Reconversion agraire
La révolution du maïs
Cette grande reconversion économique et sociale, qui ne remet pas en question le régime juridique et politique, bien au contraire, ne peut être comprise sans tenir compte de l’Amérique. En effet, c’est vers ce continent que se rendait la main d’œuvre excédentaire, et les rentes obtenues permettaient d’investir dans l’amélioration et la création de nouvelles fermes et d’autres infrastructures économiques. Mais les produits alimentaires d’Amérique furent les grands protagonistes de cette révolution agricole. Plusieurs produits caractéristiques de la gastronomie basque proviennent d’Amérique : poivron, chocolat, tomate, haricots, pomme de terre. Le produit le plus important de tous, guère consommé aujourd’hui mais constituant alors la clé de l’économie, fut le maïs. Le dialogue mythifié recueilli par Barandiaran en donne une bonne illustration : « Je suis la meilleure des plantes » disait le blé ; « où l’on me cultive, personne n’a faim » répondait le maïs.
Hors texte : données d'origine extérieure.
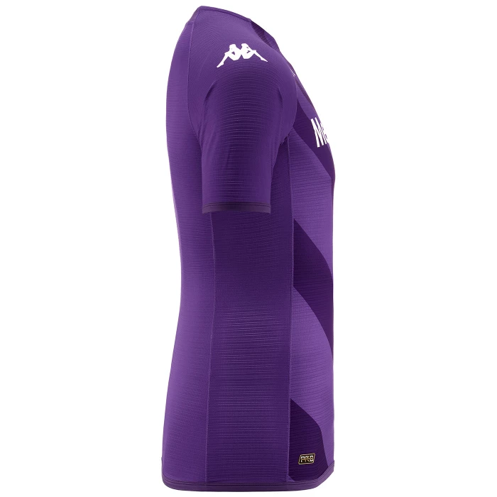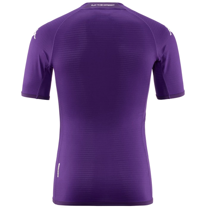 Fiorentina's first official jersey for the 2022/2023 season. \x0d\x0aThe design of the 22/23 jersey is inspired by the geometries of Fiorentina's new logo and enhances the Club's identity elements: the diamond shape of the crest that branches out pulsating from the heart, the V of I VIOLA and the motto PLAY TO BE DIFFERENT. \x0d\x0aIn the Home kit, concentric squares radiate from the Club's new logo, in alternating shades of purple so as to evoke the heartbeats and passion of those who wear and support the purple jersey. \x0d\x0aOn all the jerseys, on the inner side of the collar, there are instead 13 lilies: a tribute to the 12th man and to Davide Astori, the unforgettable number 13, loved by his teammates and by all of Florence. \x0d\x0aThe Kappa® Kombat™ Pro 2023 is further refined in its ultralight fabrics and Nylon stretch seams to ensure maximum comfort and elasticity. Hydroway Protection Technology ensures high breathability and effective release of body heat. Every detail and customization element is designed to nullify chafing on the skin.

Sa culture se développa et se naturalisa très fortement à partir du 17e siècle, à un point tel que la région du Pays basque dite « humide » ne fut frappé par aucune famine et, mieux encore, connut une véritable croissance démographique.
Autres éléments intervenants
Le succès du maïs ne s’explique pas tant par l’augmentation des surfaces consacrées aux travaux agricoles, mais plutôt par les avantages que présente cette plante en matière d’exploitation intensive du sol. Ainsi la culture du maïs s’alterne avec celle d’autres produits, de sorte que la terre ne repose presque jamais, et produit plus : ses propriétés fourragères, associées à celles du navet, permettent de maintenir un bétail nombreux, lequel produit alors de l’engrais qui, avec la chaux, assurent l’exploitation des sols. La réussite de ces cultures se doit également en grande partie à la large utilisation de la bêche. Cet outil simple présentait un avantage majeur, celui de labourer manuellement les terrains à forte inclinaison.
Avec le développement du maïs, le nombre de moulins croît rapidement ; la majorité d’entre eux profitent de l’énergie hydraulique des forges. L'architecture des caseríos change également. Leur espace s’agrandit pour répondre aux besoins de stockage et de séchage du maïs. La réussite de ce modèle agricole et d'élevage ne sera pas remise en question avant la moitié du 18e siècle, au sein d’une dynamique élargie de crise et de changement.